(ASSIGNMENT):
With pictures excluded, copy word for word the lines in the data below from the line containing "I started by" through the line containing "Stock Market Opening: ਅੱਜ".

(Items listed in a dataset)
============================================================

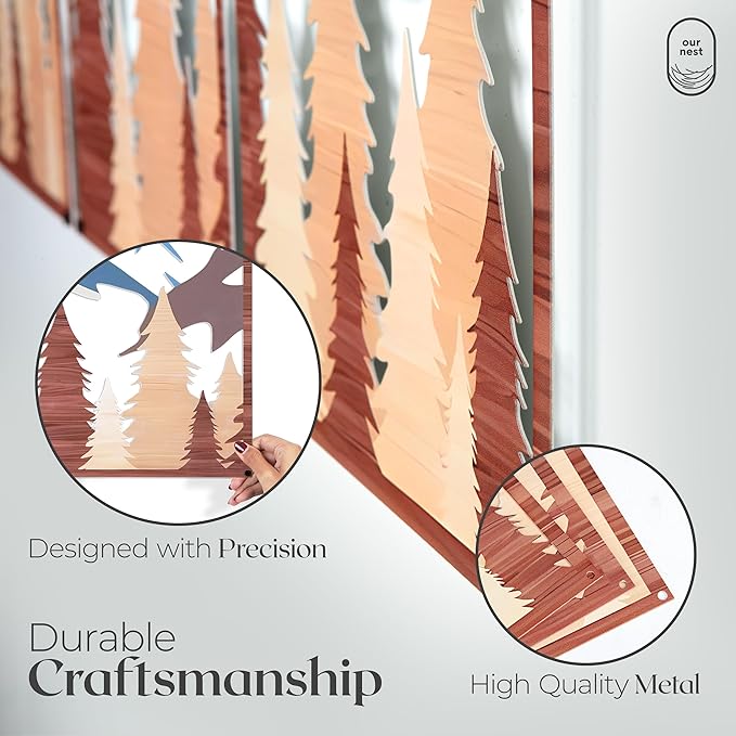 OUR NEST Metal Wall Art Set of 3 – Abstract Mountain Landscape Panels, 3D Rustic Nature Wall Decor for Living Room, Bedroom, Bathroom – Minimalist Metal Wall Sculpture, Modern Home Décor Gift (16" x 11")
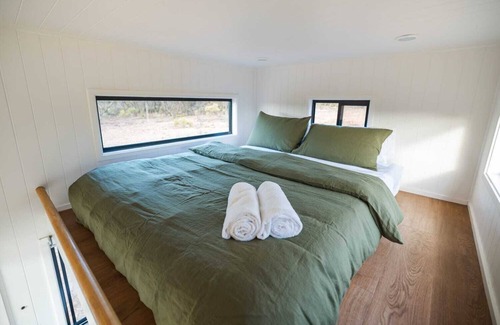 Tiny Eli has everything you need and nothing you don't. It's the epitome of minalism, made for two with a comfy Queen bed in the loft, a snug Koala sofa and a bookshelf of great novels for you to get lost in.
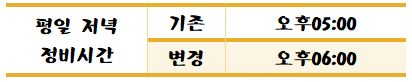 당센터 레인정비시간 변경 안내 작성자Vanessa(김희영)|작성시간25.12.02|조회수174 목록 댓글 0 글자크기 작게가 글자크기 크게가 12월 1일부로당센터 레인정비시간이 아래와 같이 변경되었음을 알립니다그외 정비시간은 변동사항 없습니다. 다음검색 현재 게시글 추가 기능 열기 북마크 공유하기 신고 센터로 신고 댓글 댓글 0 댓글쓰기 답글쓰기 댓글 리스트
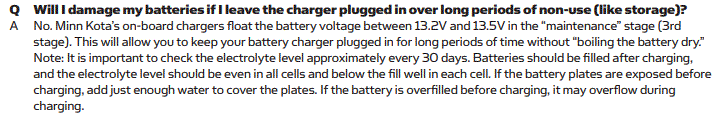 Сам впринципе склоняюсь к тому, что люди, которые придумали эту умную зарядную станцию не дураки и пытаются по максимому облегчить жизни ленивым людям как Я (не надо снимать батареи на зиму и тащить их куда-то.)
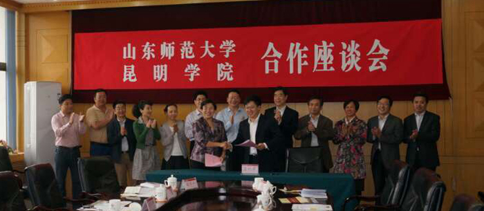 4月21日,陈书记一行到访山东师范大学。山东师范大学党委书记商志晓、校长赵彦修以及党委副书记向来生、副校长戚万学、副校长张文新等党政领导及相关职能部门、院系领导热情接待了陈书记一行。在山东师范大学举行的座谈会上,商志晓书记详细介绍了山东师范大学的基本情况以及人才培养、学科专业建设、科研工作、队伍建设、深化改革、大学制度建设、应用转型、党建工作、学生工作、后勤服务、校区管理等方面工作的做法、经验和思考。陈书记首先对山东师范大学通过博士服务团这一平台给予best365的人才支持表示衷心的感谢;陈书记指出,best365足球官网作为一所新建地方本科高校,在学校实质性合并后,快速彻底解决办学政策环境、办学条件问题,搭建了综合性本科高校基本框架,并于2012年顺利通过教育部本科教学合格评估,学校能在短短几年中实现跨越式发展,得益于兄弟院校的大力支持和帮助;best365足球官网将抓住应用转型发展机遇,并希望在高层次人才招聘、科研工作、项目建设、专业硕士点建设等方面,与山东师范大学开展合作,进一步推动best365内涵建设。熊晶副校长代表学校与山东师范大学戚万学副校长签订了两校合作协议。
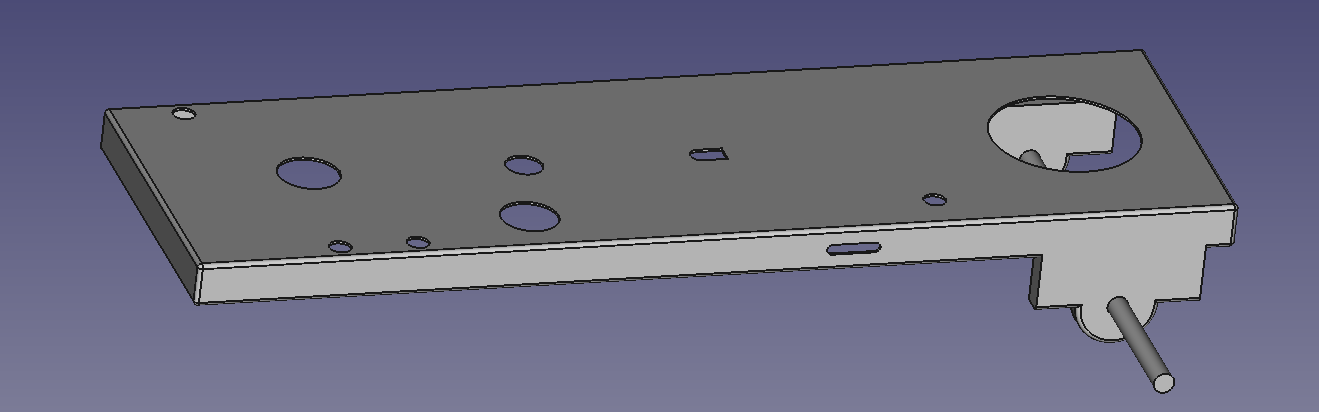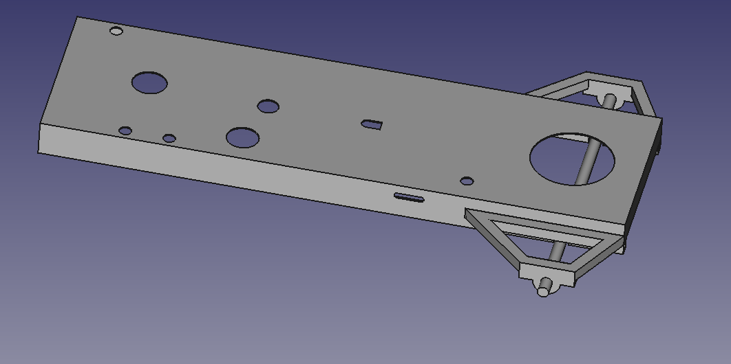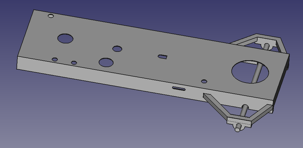 I started by measuring the key parts of the existing chassis and modelling it in FreeCAD. Most of the chassis is made of 3mm steel sheet, and the rear axle is 25mm steel round bar.
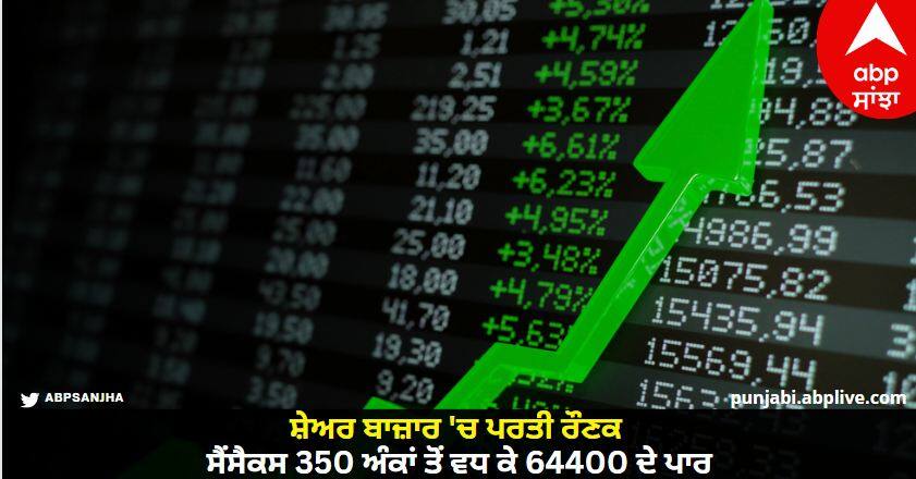 Stock Market Opening: ਅੱਜ ਸ਼ੇਅਰ ਬਾਜ਼ਾਰ ਦੀ ਸ਼ੁਰੂਆਤ 'ਚ BSE ਸੈਂਸੈਕਸ 364 ਅੰਕ ਜਾਂ 0.57 ਫੀਸਦੀ ਦੇ ਵਾਧੇ ਨਾਲ 64,444 ਦੇ ਪੱਧਰ 'ਤੇ ਖੁੱਲ੍ਹਿਆ। ਉਥੇ ਹੀ NSE ਦਾ ਨਿਫਟੀ 107.75 ਅੰਕ ਜਾਂ 0.56 ਫੀਸਦੀ ਦੇ ਵਾਧੇ ਨਾਲ 19,241 ਦੇ ਪੱਧਰ 'ਤੇ ਖੁੱਲ੍ਹਿਆ ਹੈ।
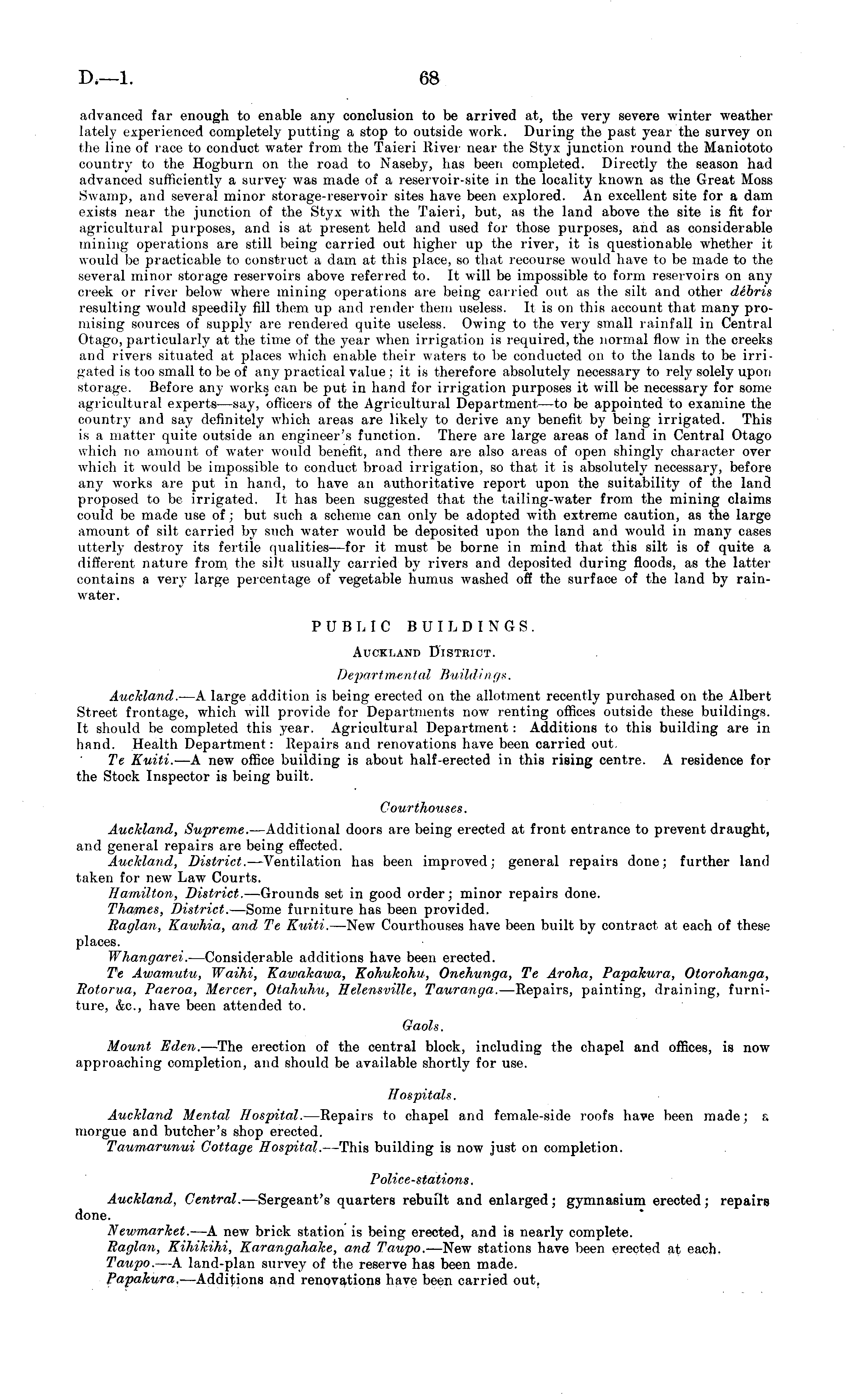 advanced far enough to enable any conclusion to be arrived at, the very severe winter weather lately experienced completely putting a stop to outside work. During the past year the survey on the line of race to conduct water from the Taieri River near the Styx junction round the Maniototo country to the Hogburn on the road to Naseby, has been completed. Directly the season had advanced sufficiently a survey was made of a reservoir-site in the locality known as the Great Moss Swamp, and several minor storage-reservoir sites have been explored. An excellent site for a dam exists near the junction of the Styx with the Taieri, but, as the land above the site is fit for agricultural purposes, and is at present held and used for those purposes, and as considerable mining operations are still being carried out higher up the river, it is questionable whether it would be practicable to construct a dam at this place, so that recourse would have to be made to the several minor storage reservoirs above referred to. It will be impossible to form reservoirs on any creek or river below where mining operations are being carried out sis the silt and other debris resulting would speedily fill them up and render them useless. It is on this account that many promising sources of supply are rendered quite useless. Owing to the very small rainfall in Central Otago, particularly at the time of the year when irrigation is required, the normal flow in the creeks and rivers situated at places which enable their waters to be conducted on to the lands to be irrigated is too small to be of any practical value ; it is therefore absolutely necessary to rely solely upon storage. Before any works can be put in hand for irrigation purposes it will be necessary for some agricultural experts —say, officers of the Agricultural Department—to be appointed to examine the country and say definitely which areas are likely to derive any benefit by being irrigated. This is a matter quite outside an engineer's function. There are large areas of land in Central Otago which no amount of water would benefit, and there are also areas of open shingly character over which it would be impossible to conduct broad irrigation, so that it is absolutely necessary, before any works are put in hand, to have an authoritative report upon the suitability of the land proposed to be irrigated. It has been suggested that the tailing-water from the mining claims could be made use of; but such a scheme can only be adopted with extreme caution, as the large amount of silt carried by such water would be deposited upon the land and would in many cases utterly destroy its fertile qualities—for it must be borne in mind that this silt is of quite a different nature from, the silt usually carried by rivers and deposited during floods, as the latter contains a very large percentage of vegetable humus washed off the surface of the land by rainwater. PUBLIC BUILDINGS. Auckland District. Depart men tal Bu ildin gs. Auckland. —A large addition is being erected on the allotment recently purchased on the Albert Street frontage, which will provide for Departments now renting offices outside these buildings. It should be completed this year. Agricultural Department: Additions to this building are in hand. Health Department: Repairs and renovations have been carried out. Te Kuiti. —A new office building is about half-erected in this rising centre. A residence for the Stock Inspector is being built. Courthouses. Auckland, Supreme. —Additional doors are being erected at front entrance to prevent draught, and general repairs are being effected. Auckland, District. —Ventilation has been improved; general repairs done; further land taken for new Law Courts. Hamilton, District. —Grounds set in good order; minor repairs done. Thames, District. —Some furniture has been provided. Raglan, Kawhia, and Te Kuiti. —New Courthouses have been built by contract at each of these places. Whangarei. —Considerable additions have been erected. Te Awamutu, Waihi, Kawakawa, Kohukohu, Onehunga, Te Aroha, Papakura, Otorohanga, Rotorua, Paeroa, Mercer, Otahuhu, HelensviUe, Tauranga. —Repairs, painting, draining, furniture, &c, have been attended to. Gaols. Mount Eden. —The erection of the central block, including the chapel and offices, is now approaching completion, and should be available shortly for use. Hospitals. Auckland Mental Hospital. —Repairs to chapel and female-side roofs have been made; a morgue and butcher's shop erected. Taumarunui Cottage Hospital. —This building is now just on completion. Police-stations. Auckland, Central. —Sergeant's quarters rebuilt and enlarged; gymnasium erected; repairs done. Newmarket. —A new brick station is being erected, and is nearly complete. Raglan, Kihikihi, Karangahake, and Taupo. —New stations have been erected at each, Taupo. —A land-plan survey of the reserve has been made. Papakura. —Additions and renovations have been carried out.

============================================================

(SOLUTION):
 I started by measuring the key parts of the existing chassis and modelling it in FreeCAD. Most of the chassis is made of 3mm steel sheet, and the rear axle is 25mm steel round bar.
 Stock Market Opening: ਅੱਜ ਸ਼ੇਅਰ ਬਾਜ਼ਾਰ ਦੀ ਸ਼ੁਰੂਆਤ 'ਚ BSE ਸੈਂਸੈਕਸ 364 ਅੰਕ ਜਾਂ 0.57 ਫੀਸਦੀ ਦੇ ਵਾਧੇ ਨਾਲ 64,444 ਦੇ ਪੱਧਰ 'ਤੇ ਖੁੱਲ੍ਹਿਆ। ਉਥੇ ਹੀ NSE ਦਾ ਨਿਫਟੀ 107.75 ਅੰਕ ਜਾਂ 0.56 ਫੀਸਦੀ ਦੇ ਵਾਧੇ ਨਾਲ 19,241 ਦੇ ਪੱਧਰ 'ਤੇ ਖੁੱਲ੍ਹਿਆ ਹੈ।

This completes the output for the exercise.